Lakewood Foreign Auto Salvage


Not long after moving to Colorado in 1995, as Lisa and I were driving up into the mountains following a thunderstorm, I was distracted by a spectacular rainbow and drove into the guardrail, busting out my right front headlight assembly. . . . That’s not really the story I want to dwell on.

A week or so later, I went looking for a new assembly. I went to Shortline Mazda on Colfax Avenue, where I was quoted $250 for the entire assembly. The guy suggested Lakewood Foreign, a junkyard between Sheridan and Kipling. It was a cluttered little junkyard on a corner lot. There was a pasture across the road and I parked there in a shallow ditch. I waited for a car to pass and crossed the road. As I crossed a rock-star skinny guy with a long pony tail, unbuttoned work shirt, and a tattoo covering most of his chest yelled advice as he crossed to his own car: “You got to be careful on this street. People drive like assholes.”

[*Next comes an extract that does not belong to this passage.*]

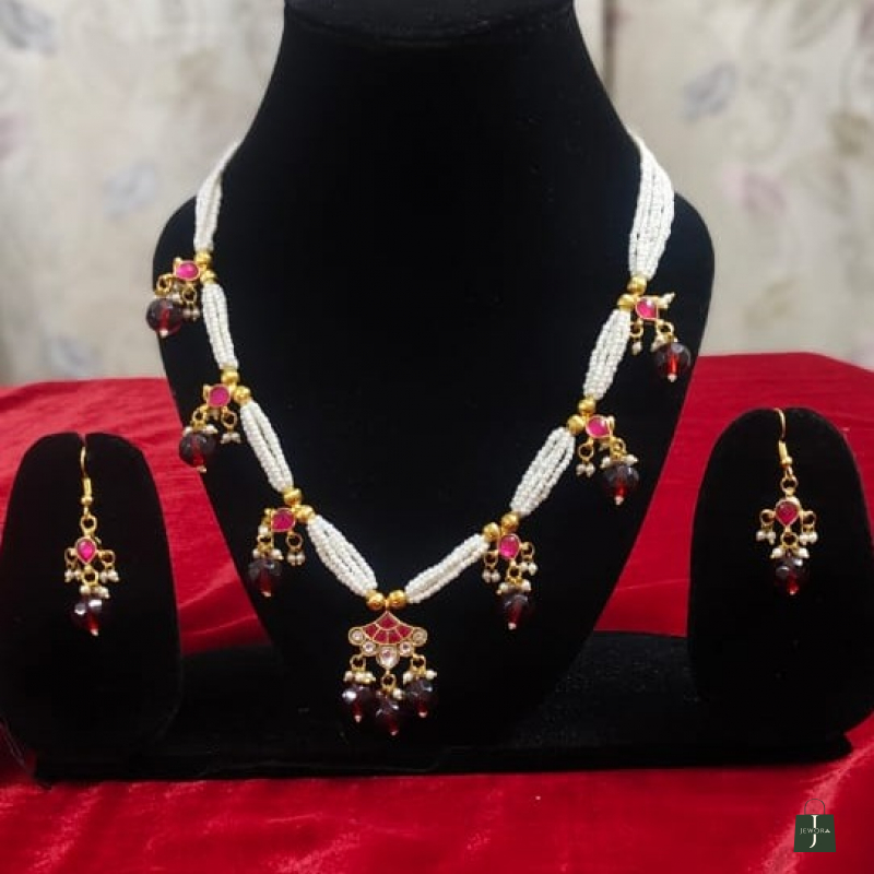 This set blends pearl elegance with traditional ruby-toned embellishments, creating a refined statement piece rooted in Indian heritage styling.

The yard was stacked so high with parts that looked like they would never work again that it was difficult to walk through. There were motors in various states of cannibalization, bumpers, auto glass, car seats, auto bodies, electric motors, compressors, things I had no name for. Everything smelled like oil and rust. A couple of guys wandered among the parts holding wrenches. I couldn’t tell if they were Hispanic or Vietnamese or something else. I smiled and tried to look both confident and harmless at the same time.

There was an old house in the center of the yard. The porch was covered with more crap and I couldn’t tell what was inside, but I guessed it was cluttered too. The parts counter was inside an attached garage with a roll-up door. A little office stood to one side. The wood on the counter was worn and greasy black. There was nowhere to sit and little room to stand. The only chair was covered with tools and engine parts.

A Vietnamese man stood behind the counter speaking into a cellular phone. He wore a blue work shirt with “Bui” stenciled on the name patch. He answered a stream of calls while I waited for him to acknowledge me: “What year Celica? . . . ’86 to ’87 is the same, ’88 to ’99 different. We no got it.” There was a radio set that looked and sounded like a CB behind the counter, full of static and a little distorted, and every few minutes a voice called out something like “I need a tailgate for a ’89 F150. Anybody out there?” I later found out from Bui that it was a telephone link connecting 30 different junkyard and parts houses across the city. Other voices chimed in with Hispanic, Asian, and Midwestern accents.

Bui pulled the phone away from his ear and looked at me, raising his eyebrows in a question. I told him what I wanted and the year, an ’88 Mazda 323.

He said, ’86 to ’87 same as Mercury Tracer. I got. ’88 to ’89 different. I no got.”

“You sure they’re that different?”

He showed me the parts catalogue to prove it, then got on the parts link and called out my part. I stood and waited. Every few minutes Bui would announce over the link, “Customer standing right here.” People came in for bumpers, dashes, odds and ends, paid, and left. I moved out of their way so they could stand at the counter. Bui kept yelling into the phone, “Customer standing right here.” Whenever he quoted a price to a customer, Bui said, “I give you, 30 dollar, no fucking problem.” Most of his customers didn’t negotiate, so it was either a fair price or they were intimidated by Bui

The skinny guy came back with a bag of Taco Bell and settled in between parts behind the counter to eat. “They didn’t give me no fucking hot sauce,” he said.

It was interesting to watch Bui work. Regardless of what someone asked for, Bui knew instantly if he “got” or “no got.” He didn’t look at any inventory books. He didn’t need to check a parts catalogue to know if it would fit. The catalogue was in his head, and he knew the yard down to the tiniest bolt. Every price was “No fucking problem.”

After about an hour, ABC Used Parts finally called and said they had my headlight assembly. Bui yelled at the guy for a minute, then turned to me. “He say he call. He no fucking call. I say ‘customer standing right here’ and he no call. Make me look like asshole. He got part, 90 dollar, no fucking problem. You get over there and get it.”